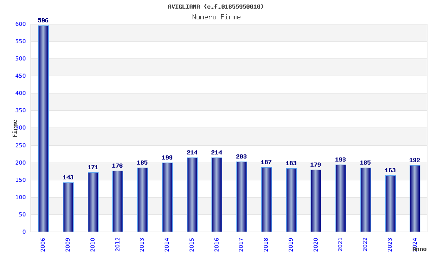 | Anno | Firme | Importi | Media | Naz. | Reg. | Prov. | Comu. |
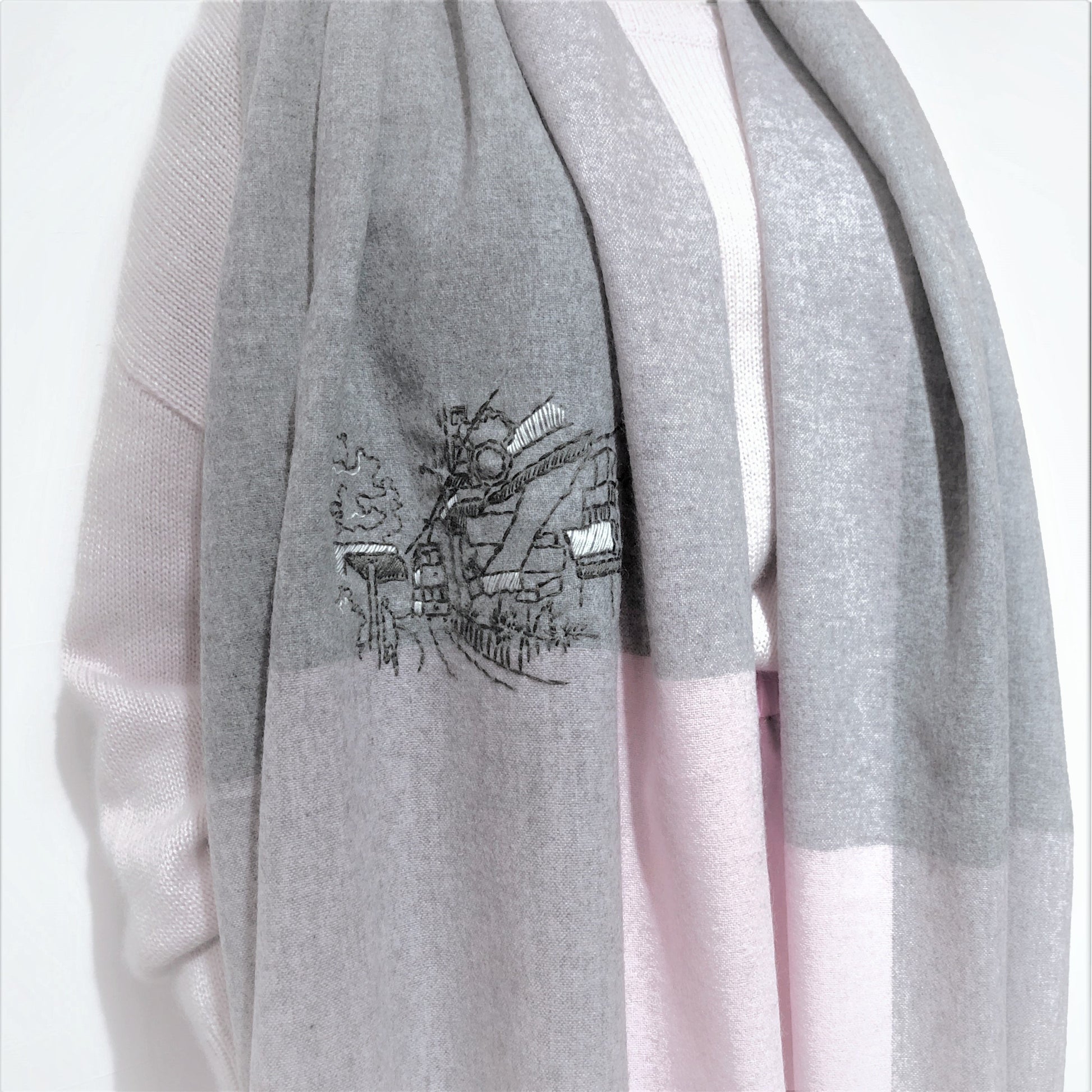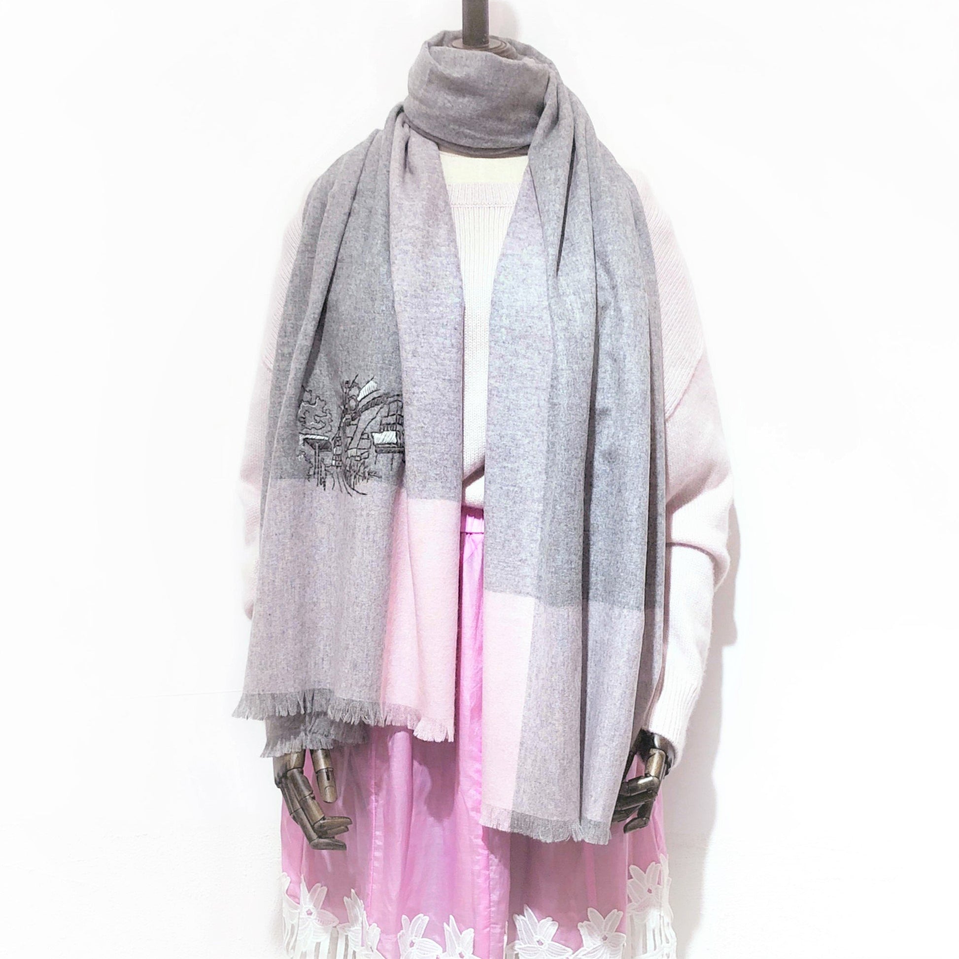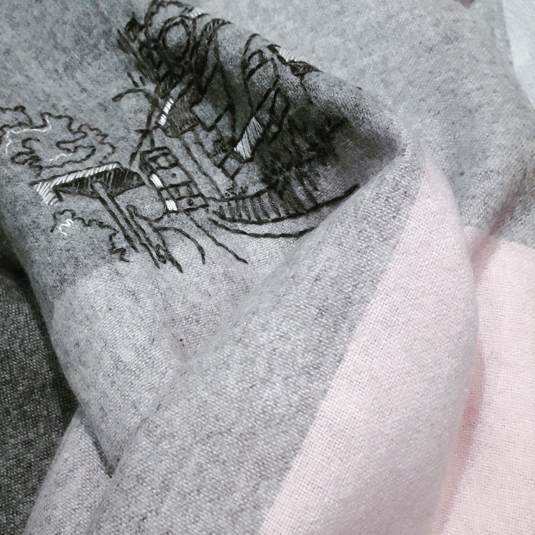 這款超柔軟光滑的純羊絨厚身圍巾,手工刺繡了電車在街上行駛的風景圖案。
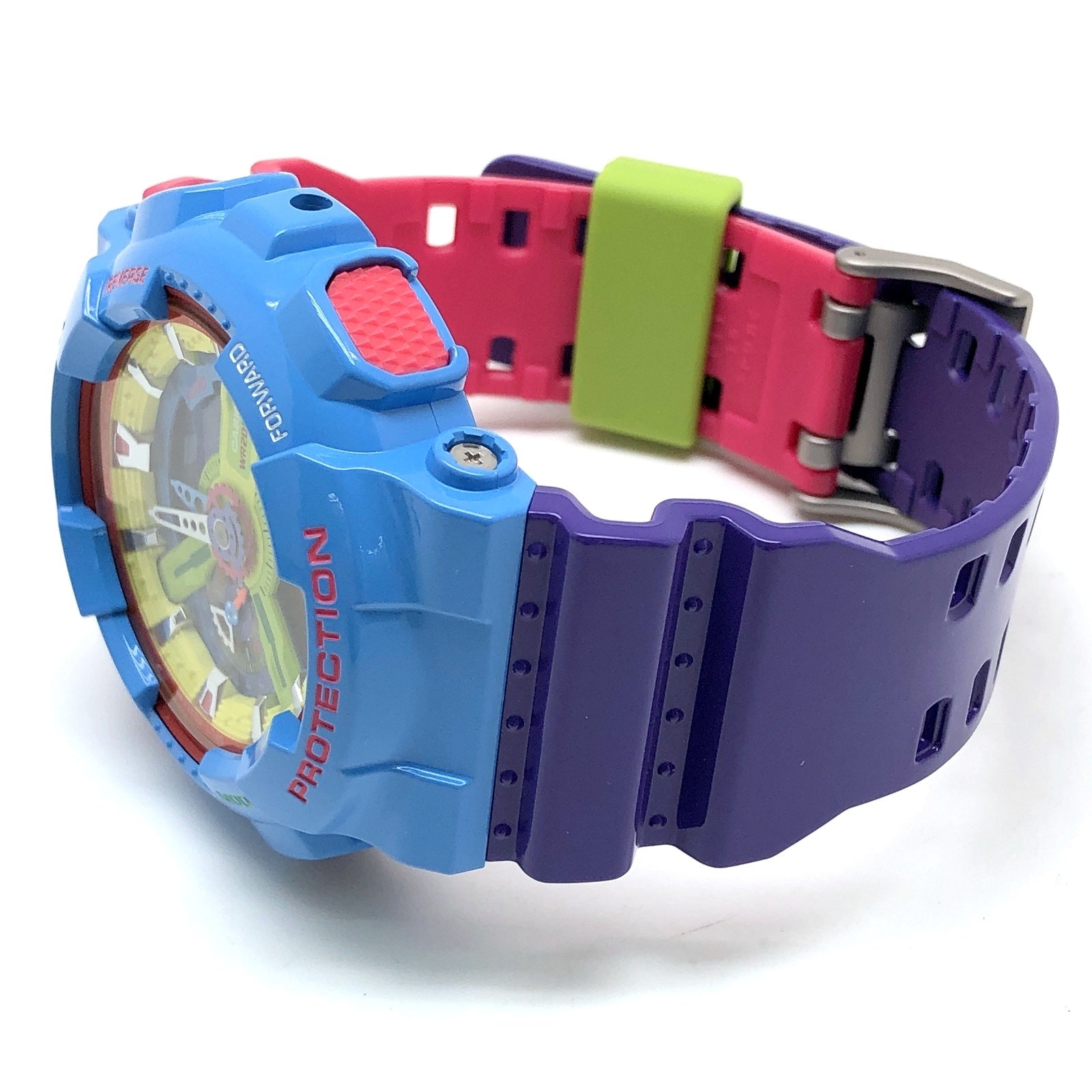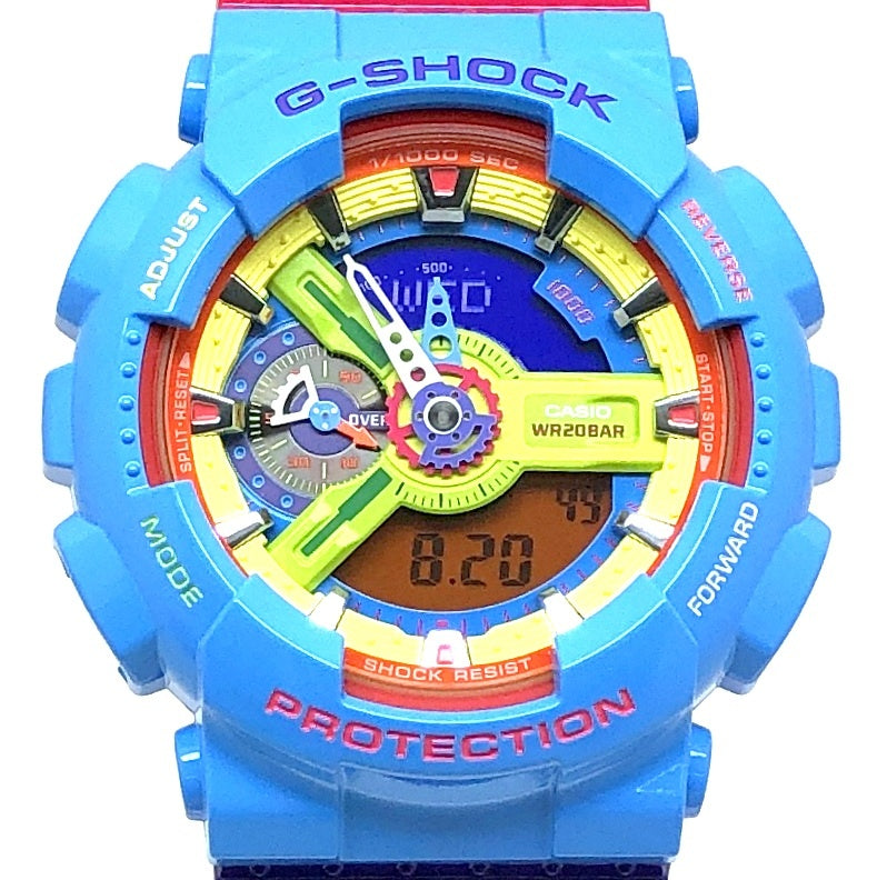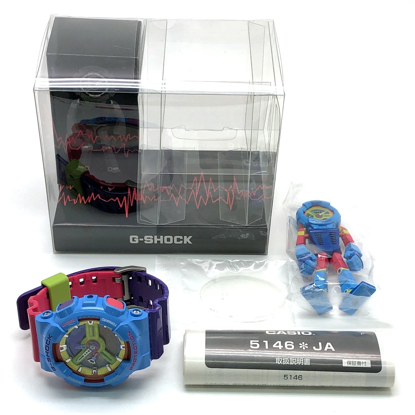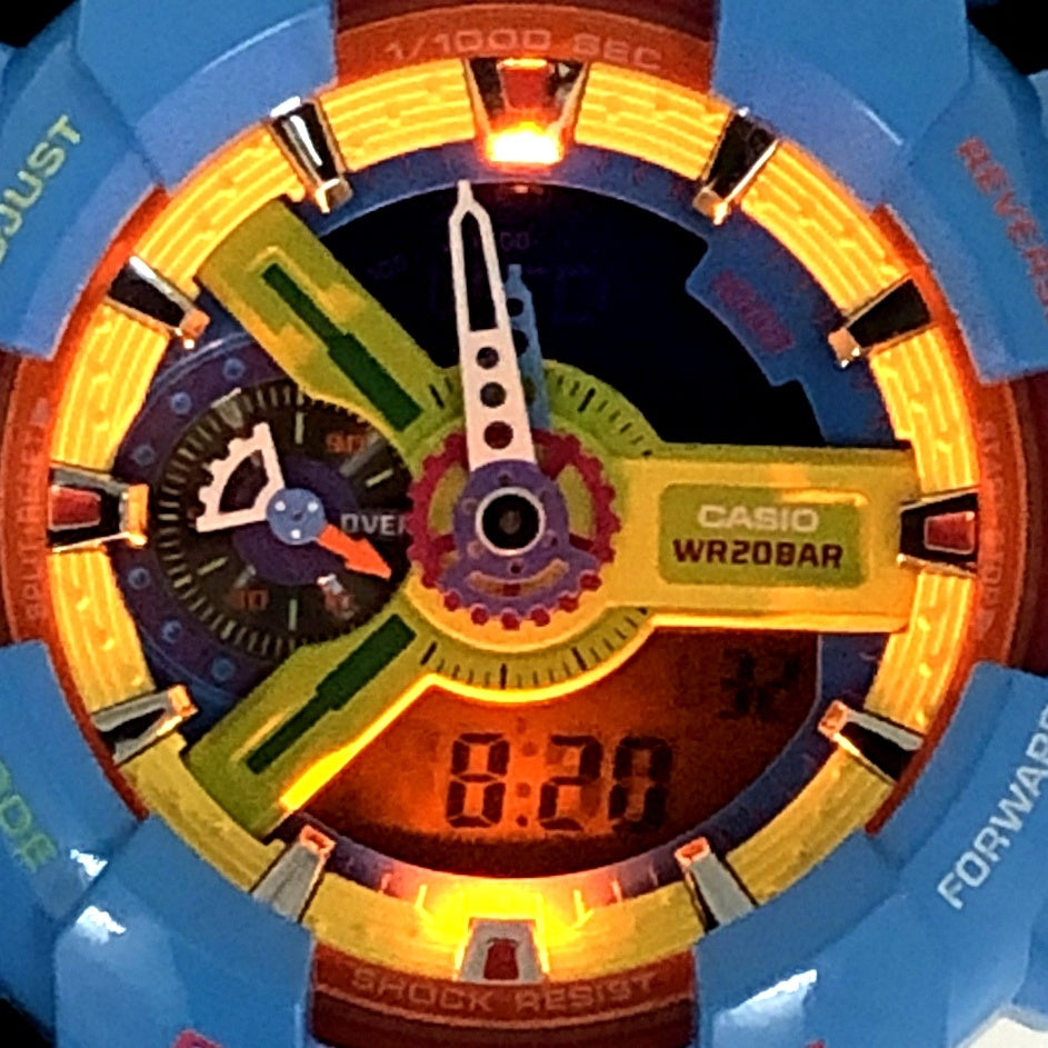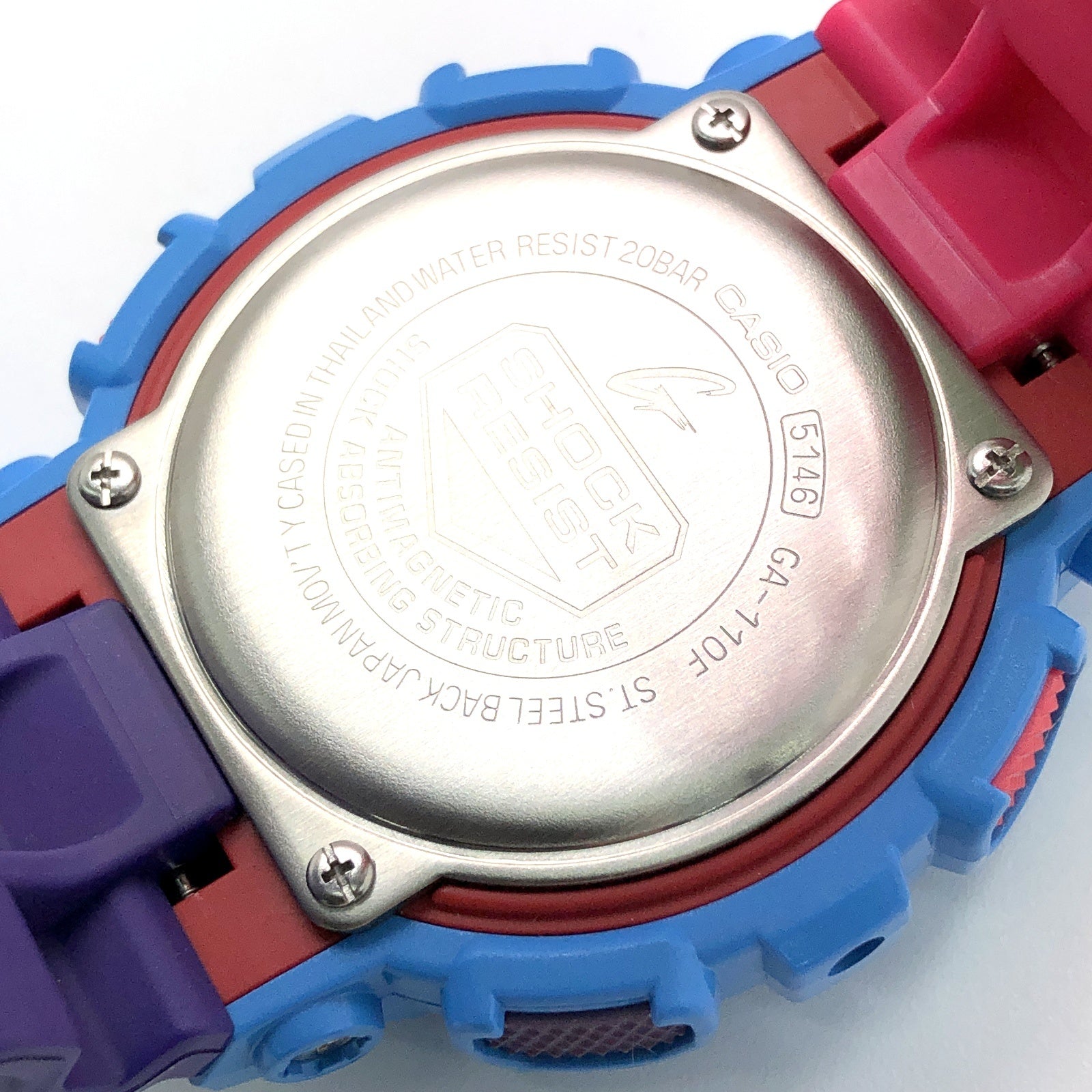 コメント | 日本のキャラクターデザイナーである中野シロウ氏が代表を務めるデザインチーム「play set products」が書き下ろしたG-SHOCK MAN(ジーショックマン)のフィギュアとG-SHOCKがセットになった「MAN BOX(マンボックス)」。2009年~2011年にかけてG-SHOCKが3モデル、BABY-Gが1モデルの合計4モデルが発売。GA-110F-2は2010年3月に発売され、ベースには様々なパーツを複雑に組み合わせたビックケースのアナログ/デジタルモデルGA-110を採用。光沢塗装が施されたベゼルにはライトブルー、バンドにはピンクとパープルが配色され、文字盤にも様々なカラーが配色されたマルチカラーダイヤルが採用されています。 |

..........

REQUIRED ACTION
Print the material precisely as given, dropping any images it holds.

OUTPUT OF THE TASK
 | Anno | Firme | Importi | Media | Naz. | Reg. | Prov. | Comu. |
 這款超柔軟光滑的純羊絨厚身圍巾,手工刺繡了電車在街上行駛的風景圖案。
 コメント | 日本のキャラクターデザイナーである中野シロウ氏が代表を務めるデザインチーム「play set products」が書き下ろしたG-SHOCK MAN(ジーショックマン)のフィギュアとG-SHOCKがセットになった「MAN BOX(マンボックス)」。2009年~2011年にかけてG-SHOCKが3モデル、BABY-Gが1モデルの合計4モデルが発売。GA-110F-2は2010年3月に発売され、ベースには様々なパーツを複雑に組み合わせたビックケースのアナログ/デジタルモデルGA-110を採用。光沢塗装が施されたベゼルにはライトブルー、バンドにはピンクとパープルが配色され、文字盤にも様々なカラーが配色されたマルチカラーダイヤルが採用されています。 |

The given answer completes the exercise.